History called them Acadians, diners who don’t know confuse them for Creole, but in New Orleans, where it matters, it’s Cajun, baby! Having originated along Louisiana's bayou, this country-style cooking begins with a dark roux, green peppers, onions and celery and turns into something deeper and heartier, like a big bowl of gumbo or boudin (a Cajun sausage). But where to go for Cajun food in New Orleans? Well, everywhere, depending on what you want. Cochon is the lovechild of Chefs Donald Link and Stephen Stryjewski, an updated and modern Cajun resto offering housemade charcuterie and rustic seafood. For a taste of the passing ages, Arnaud’s Creole Restaurant in the heart of the French Quarter, with long green door-sized clapboard windows and whispers of ghosts, is nearing nearly a century old and exudes old New Orleans charm throughout its Jazz Bistro and genteel dining room hung with crystal chandeliers, fluted columns and mosaic tile floor. The menu highlights Shrimp Arnaud, gulf shrimp marinated in tangy Creole Remoulade sauce; oysters served five ways, speckled trout served with Creole Meunière sauce, and many more super-fresh servings from the sea.

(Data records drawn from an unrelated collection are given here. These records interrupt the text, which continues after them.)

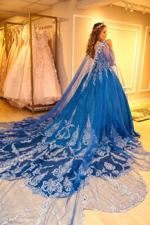 Vestido deslumbrante, azul, com capa curta e uma belíssima capa longa. Incrível para a festa, de uma verdadeira princesa, inspirada … Read More
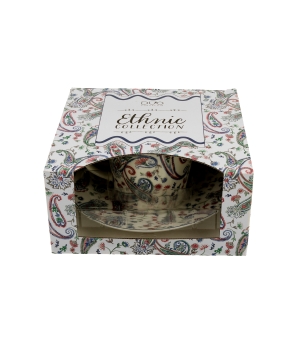 Filiżanka ze spodkiem LIBERTY wchodząca w skład linii ETHNIC, wykonana z porcelany New Bone China, charakteryzującej się elegancką i naturalną kremowo - białą barwą z delikatnym połyskiem a także wyjątkową wytrzymałością przy zachowaniu lekkości i delikatności.
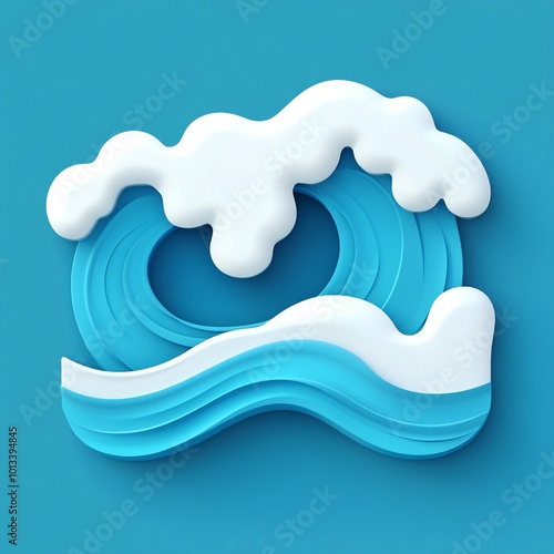 3D Ocean Waves Icon: Rolling Motion of the Sea Illustration Logo
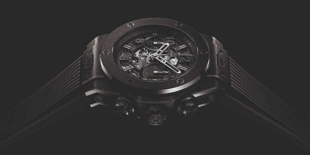 Chez Hublot, le noir n’est pas une simple couleur, c’est un langage. Un langage qui s’exprime à travers des matières d’exception : la céramique mate, le saphir fumé, et des surfaces texturées qui jouent avec la lumière pour créer des reflets subtils et profonds. Ce n’est pas seulement le boîtier qui est noir, mais chaque élément de la montre, des aiguilles aux index, en passant par la boucle et les poussoirs, jusqu’à la masse oscillante.
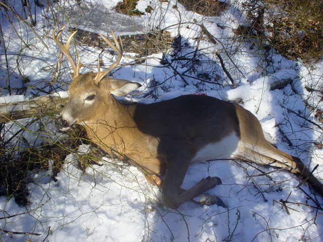 28 days after the rut, begins the post rut, which doesn’t last as long nor is as intense as the rut itself. On Monday when I seen this buck he was hot on a doe then on my walk back in the dark, twice I could smell strong tarsal. This is the time when doe’s that did not get bread during the rut now come into estruse, mother nature is perfect. This morning my brother and I followed the bucks tracks before I shot him and another indictation is that he is urinating on his tarsals as he walks, the only reason we know this is the evidence in the snow. The post rut actually started a few days before the full moon but I believe it is was more important that I was in an area that was thick which means no pressure. Bucks will not let their guard down especially during gun season.
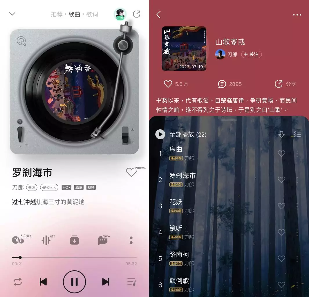 刀郎曾經憑藉專輯《2002年的第一場雪》紅遍全國,一度到咗人人都識唱的地步,連譚詠麟都忍唔住翻唱,最終,該專輯以270萬張的銷量登頂華語樂壇榜,但好景不長,刀郎其後的新歌發布都反響平平,此次爆紅新歌《羅刹海市》是刀郎最新發布的專輯《山歌寥哉》中的其中一首,其中收錄的歌全與蒲松齡的《聊齋》有關。
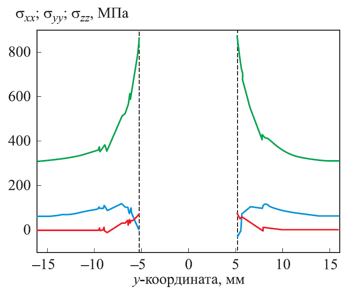 Рис. 2. ‑ Поля напряжений вблизи отверстия с учетом эксплуатационной нагрузки и технологических остаточных напряжений
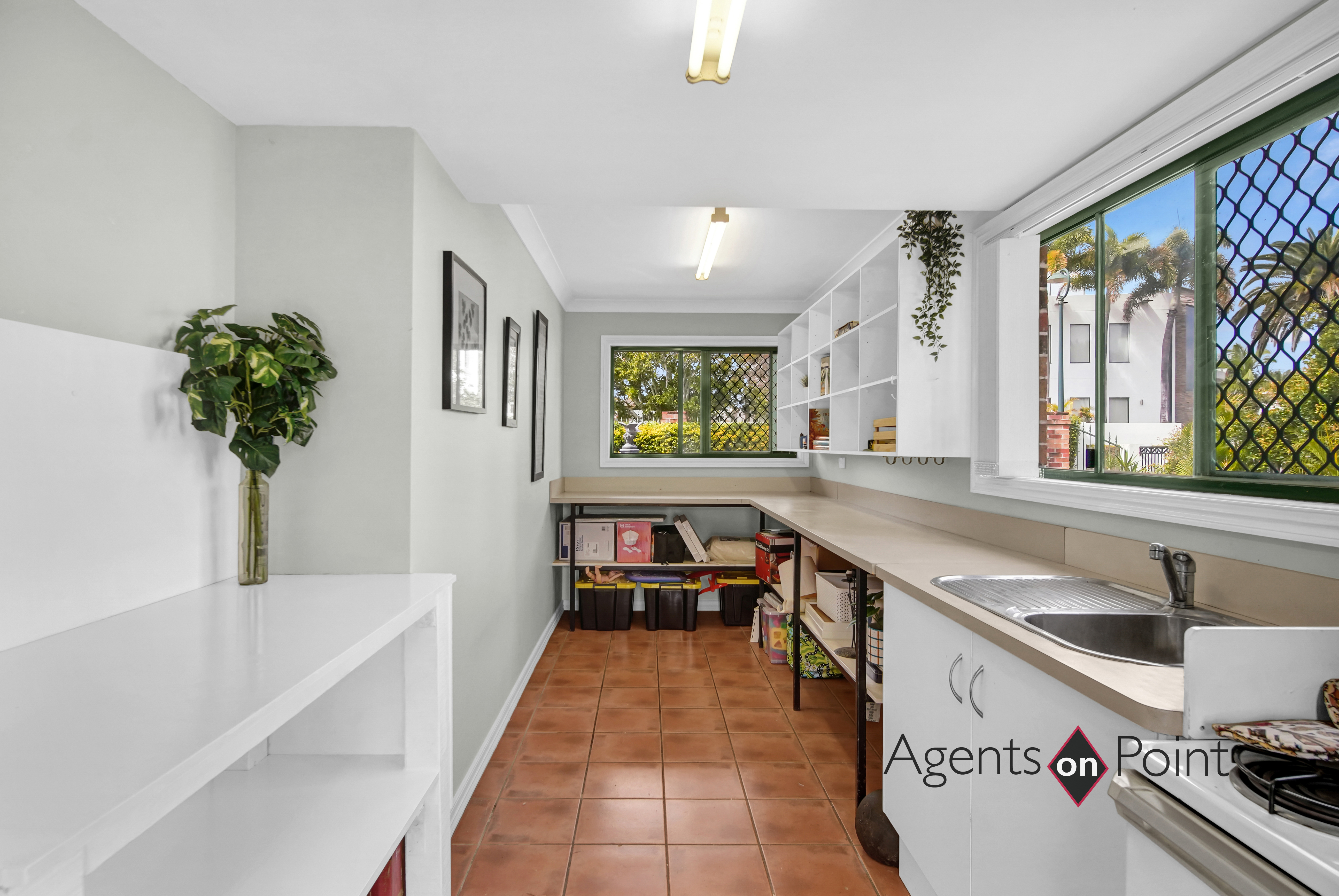 • Bedroom three with bay windows, built-in-robe, air-conditioning, fan and carpet • Bedroom four with built-in-robe, fan, and carpet • Main bathroom with bath, shower, vanity, and a separate toilet • Laundry with tub, benches and cupboards • Understairs storage • Large Studio Room suitable for hobby room or home office/business. Fitted with sink, oven, benches and shelves
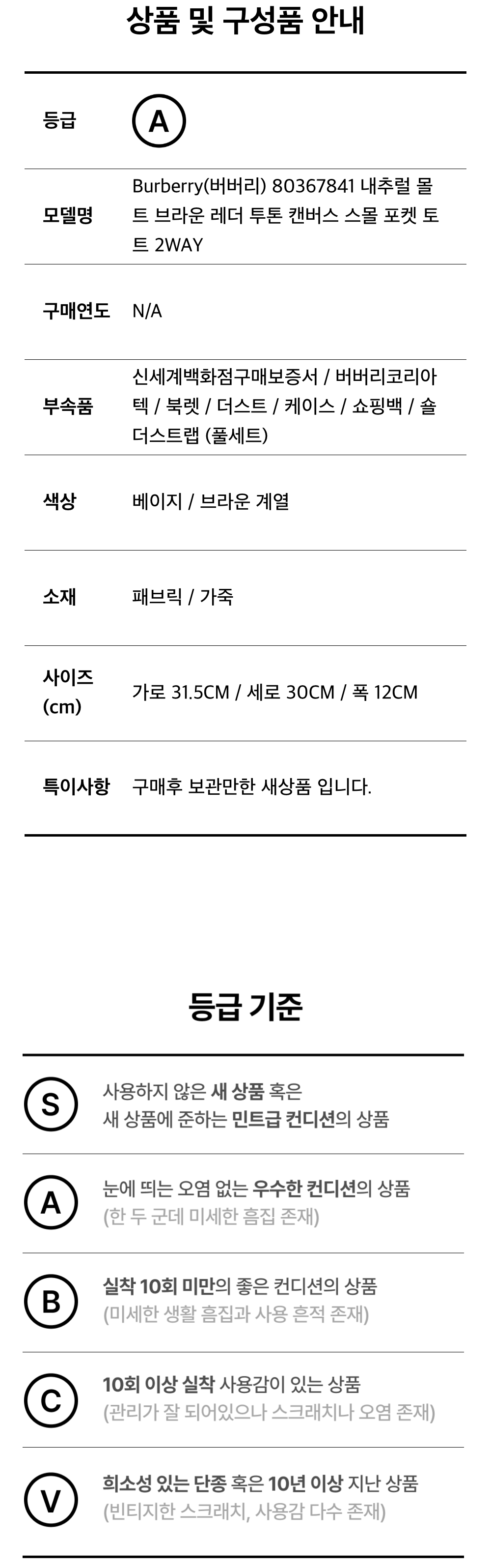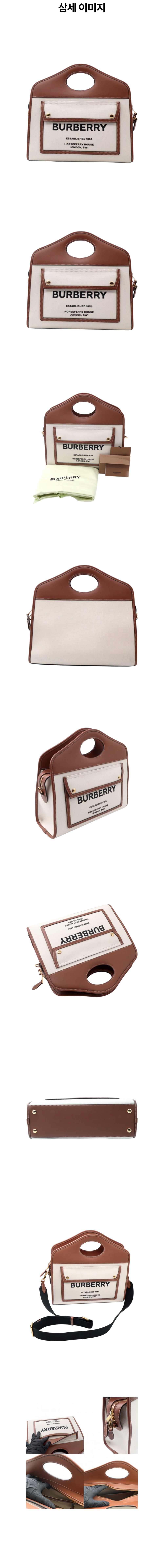 버버리 80367841 내추럴 몰트 브라운 레더 투톤 캔버스 스몰 포켓 토트 2WAY
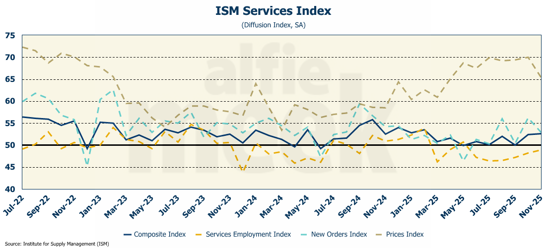 Once again, manufacturing may be down, but the service sector, as measured by the ISM Services index, continues to expand (full release here). The index rose from 52.4 to 52.6, much better than the 52.0 that was expected. Services employment, while still in “contraction” territory, moved closer to 50, rising 0.7 points to 48.9. Also, service industries reported seeing slower growth in prices. In total, the service sector seems to have put the “tariff” scare behind it and is well-positioned heading into 2026. The only question is the strength of the consumer.
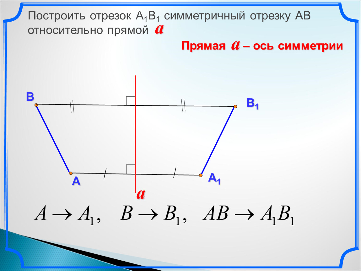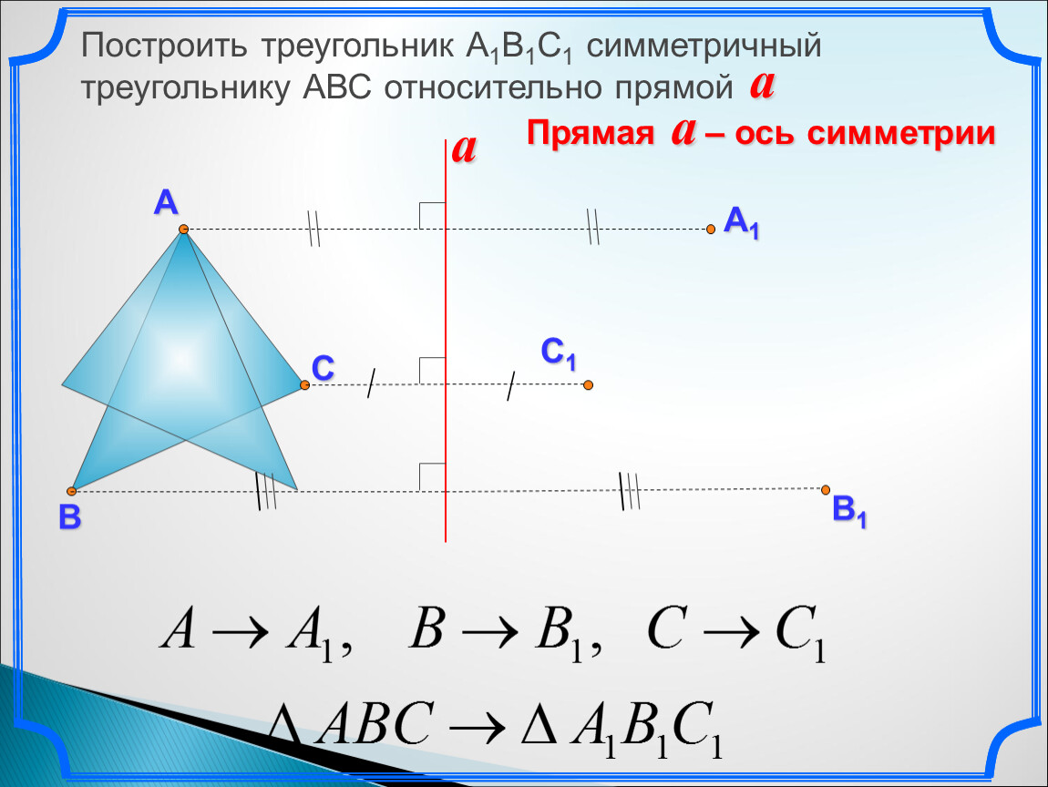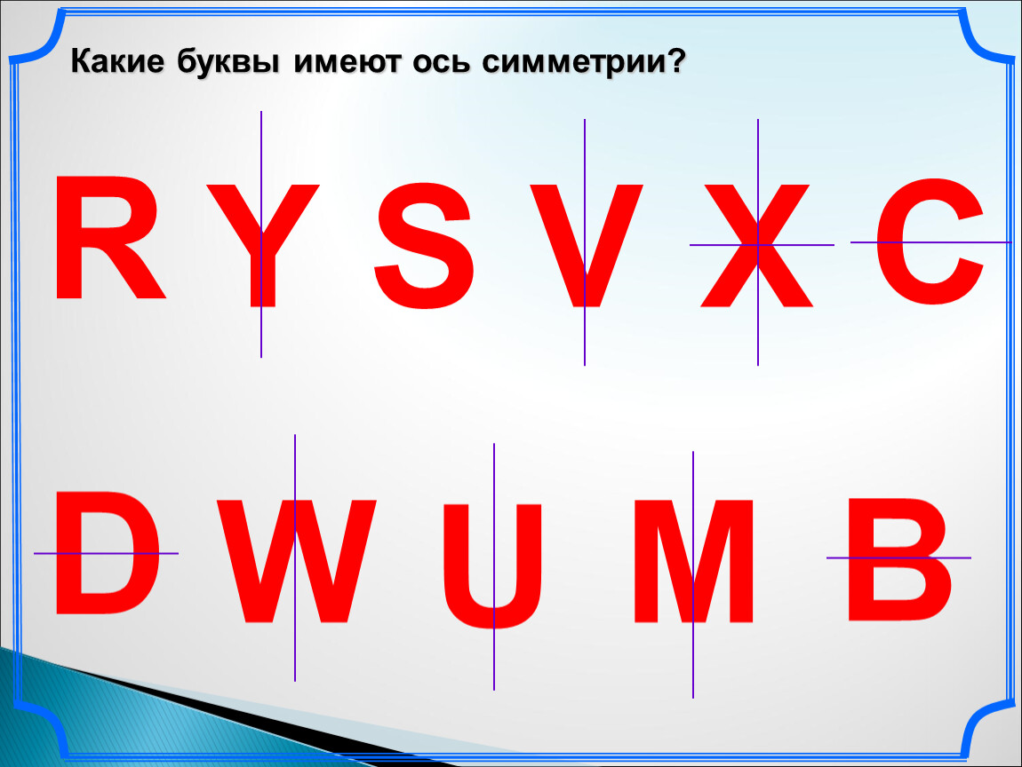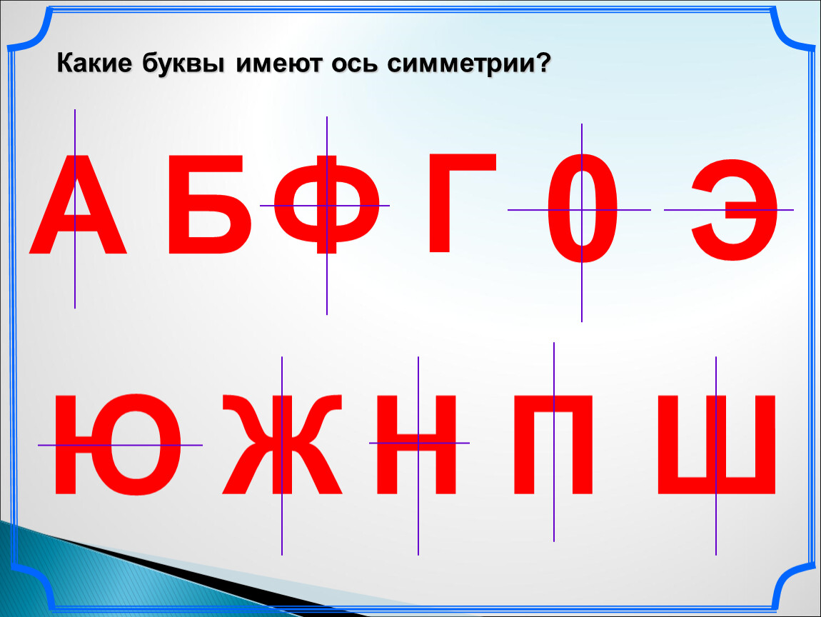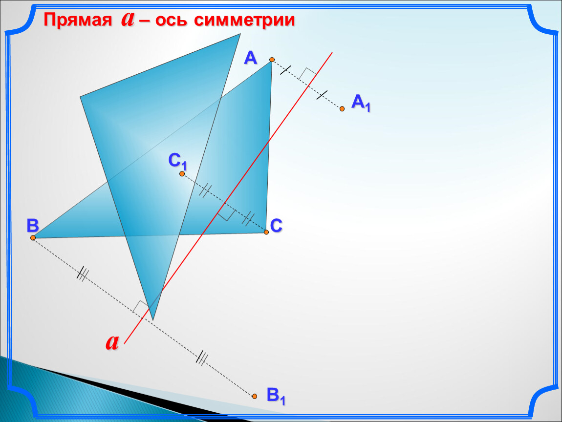 Если фигура имеет ось симметрии, то говорят, что она обладает осевой симметрией. Фигура может иметь одну или несколько осей симметрии.
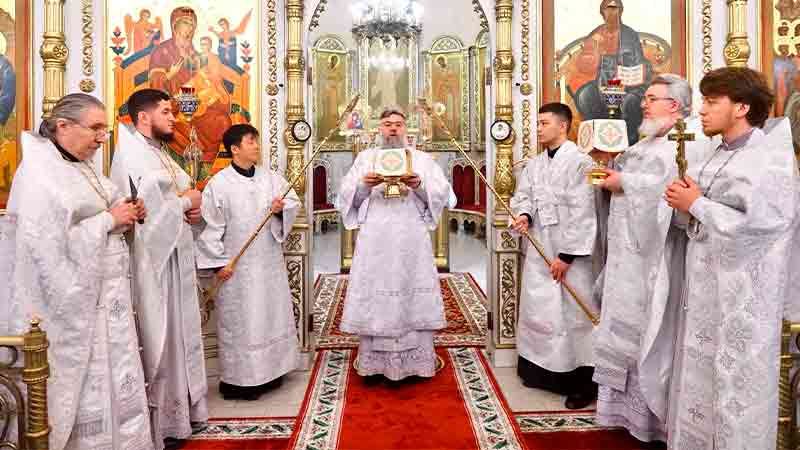 Иерарху сослужили настоятель Лукинского храма г. Южно-Сахалинска протоиерей Андрей Чугунов, ключарь собора иерей Александр Брагин и соборное духовенство.
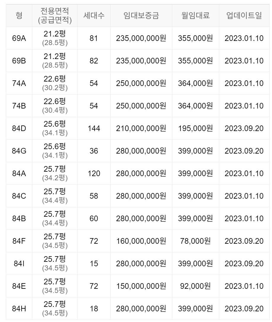 임대보증금 및 월 임대료는 입주자 모집공고일 기준이며, 보증금 최대 전환 시 변동될 수 있습니다.
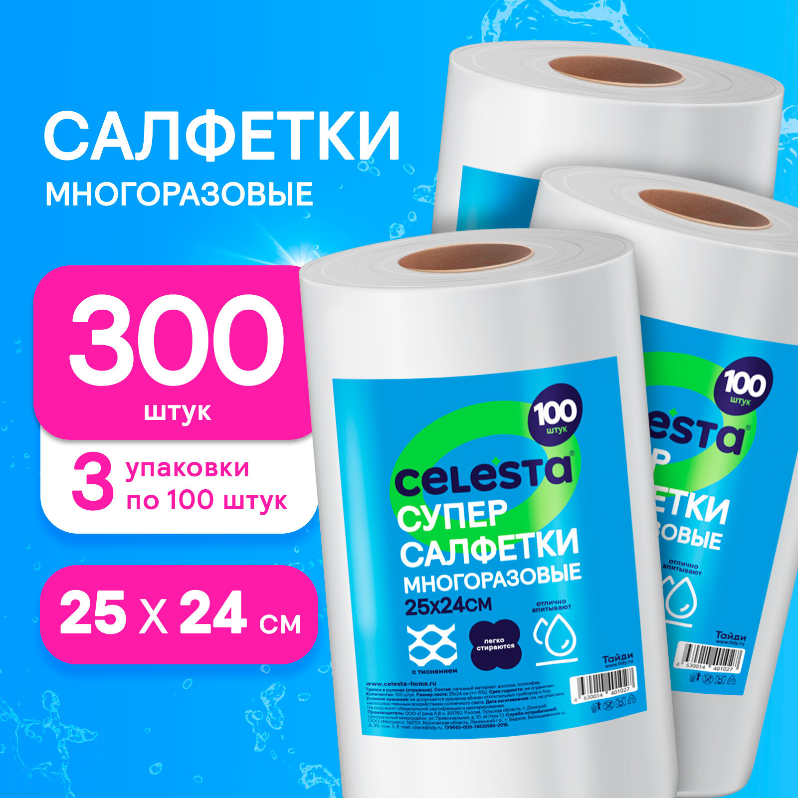 Ниже Вы можете прочитать отзывы на Салфетки для уборки Celesta универсальные в рулоне для кухни, ванной и дома набор 300 штук, ознакомится с подробными характеристиками, посмотреть интересные обзоры и фотографии на Салфетки для уборки Celesta универсальные в рулоне для кухни, ванной и дома набор 300 штук.

Enjoy Cuban culinary excellence in Miami

There are approximately 1.2 million Cubans in the Greater Miami Region – the migration began during the 15 year period after the Cuban Revolution; after that, it continued for economic reasons. The presence of this large Cuban population lends itself well to the general culture of Miami, opening up a Little Havana neighborhood filled with restaurants and cafés serving traditional Cubano sandwiches, cortaditos, and traditional meals like vaca frita. Many restaurants have been around since the ‘70s, as evidenced by the glowing neon exterior of Puerto Sagua’s wood-paneled fixtures with large murals of Havana. Located in South Beach, Puerto Sagua is an always delicious hub of tourists, South Beach Cuban exiles and adventurous locals chowing down on pernil asado (pork shoulder braised with onions and spices) and homemade flan, drizzled over with caramel sauce.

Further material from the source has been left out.